NOTE D'INTENTION DE LA MISE EN SCÈNE //
Le texte et nos intentions de mise en scène invitent au vertige. Quelque chose à l’échelle du microcosme bascule à l’intérieur du corps de Natasha, pendant que Youri se trouve « à des années lumière ». Nous entrevoyons une faille entre le projet du patriarcat d’étendre le domaine de son influence et de sa maîtrise jusqu'à l'espace intersidéral, et l'absence d'attention (ou la négligence délibérée) pour un acte de soin fondamental concernant le corps de la femme. Nous cherchons à glisser dans cette fissure pour évoquer l'intime. Notre recherche artistique ne se définit pas comme une revendication du droit à l'avortement, encore fragile et loin d'être sanctuarisé partout dans le monde, mais plutôt comme une exploration intime et interne de l’expérience (multiple) de l'avortement via la figure de Natasha. Nous souhaitons créer un espace de résonance pour ce qui est si souvent traversé en silence.

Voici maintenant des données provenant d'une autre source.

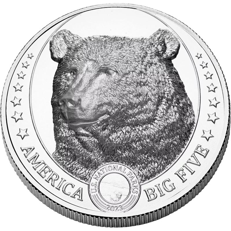 Fidschi Silbermünze Amerika Big Five Braunbär 2023 1 Unze reines Silber 0,999
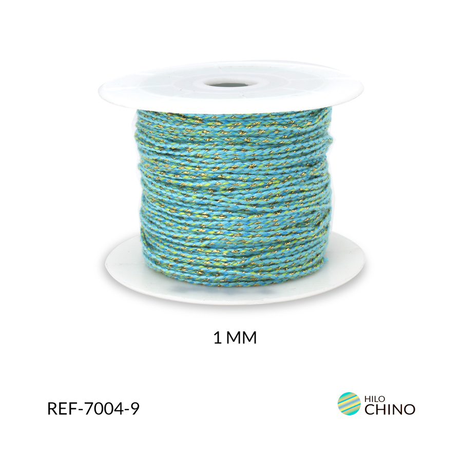 Hilo chino trenzado con lurex 1 mm color Azul T / x rollo / Ref-7004-9
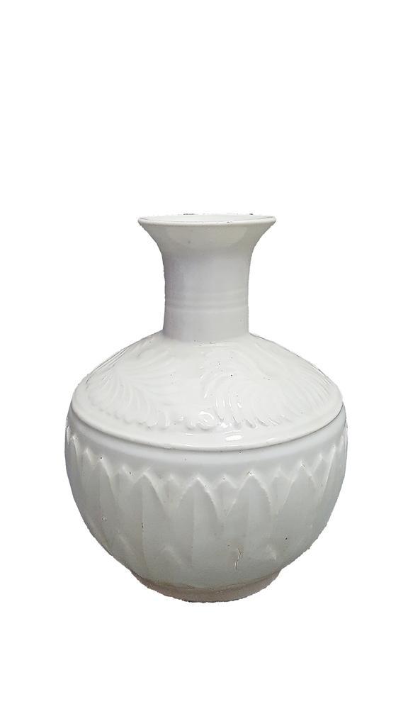 胎白質(zhì)細(xì)堅(jiān)致,釉白瑩潤光亮。采用刻花技法。長頸呈喇叭口,圓唇。頸中部飾凹弦紋三道,器內(nèi)無釉。圓肩飾左右對(duì)稱的菊花紋,前后飾方向一致的菊葉紋。肩腹交接處飾凹弦紋一道,腹稍鼓下收,腹?jié)M刻三疊仰蓮紋。矮圈足,足底無釉,修足刀削痕明顯。

Notre domaine de recherche opère dans la transdisciplinarité, axé essentiellement sur le corps et le son. Le verbe sera traité comme matière sonore à déformer -- trituré par accélération, dilaté par ralentissement, brouillé par interférences, interrompu par l'envolée du chant, distancé du corps parfois via la diffusion. L'autrice/comédienne sera mise en mouvement, et la danseuse/chorégraphe parfois amenée à faire instrument de sa voix. La musicienne opérera du plateau, créant la musique en direct. Encouragés par nos partenaires, nous développerons en parallèle un atelier pour accompagner le public (de lycéens, ou autre) dans sa réception et sa réflexion autour de la pièce et du thème de l'avortement.

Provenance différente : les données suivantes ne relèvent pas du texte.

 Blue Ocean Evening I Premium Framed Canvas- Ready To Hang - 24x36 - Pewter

Écrite en 2015 à l’île Maurice, Cytotec est la première pièce d’Anooradha Rughoonundun. Elle remporte le Prix d’écriture dramatique de la délégation de l’Union Européenne à l’île Maurice en 2015 et figure parmi la sélection 2017 du Comité de lecture de Poche/Genève. Son autrice en donne une lecture publique en 2015 à l’île Maurice au Festival Passe-portes et des extraits dans l’émission « La danse des mots » d’Yvan Amar en 2016 sur RFI.
NOTE DE L'AUTRICE //
Étrange, d’écrire une note d’intention huit ans après l’écriture. Si je ferme les yeux, je me revois à l’île Maurice composant ma première pièce, questionnée par la clandestinité des avortements dans mon deuxième pays et le corps encore agité d’une IVG effectuée dans le cadre légal belge. L’envie d’une histoire d’avortement clandestin qui ne se limite pas à la dénonciation du danger et de la honte, mais tout en les embrassant plonge à l’intérieur de l’expérience d’un corps. Et partant de là, de questionner la possibilité de dire et de se faire comprendre auprès d’autrui sur ce qui se passe en soi. De questionner la place et les limites d’un homme dans son avortement, d’où la mise en jeu du principe d’empathie avec ce personnage de Youri tentant de se mettre à la place de Natasha, se servant de son expérience propre -celle de cosmonaute- pour essayer de la comprendre. Je me souviens de cette envie d’une histoire qui se passe à la fois dans un corps, dans une société et dans l’univers, de mettre ces trois niveaux d’existence tantôt en friction, tantôt en résonance. Je me souviens aussi de l’envie de parler d’avortement comme acte de vie et de questionner l’impossibilité de le célébrer dans nos sociétés, qu’elles l’interdisent ou le légalisent. Je cherchais à raconter une histoire à la fois physique, politique et existentielle.
Anooradha Rughoonundun est également formée comme conseillère conjugale et familiale au Planning familial de Grenoble et a exercé au Centre de Planification et d’Education Familiale de l’hôpital de La Mure : entretiens d’écoute et/ou d’information autour de la vie sexuelle et affective, éducation à la sexualité en milieu scolaire. Dans ce cadre, elle a accompagné des femmes et des couples dans leurs IVG.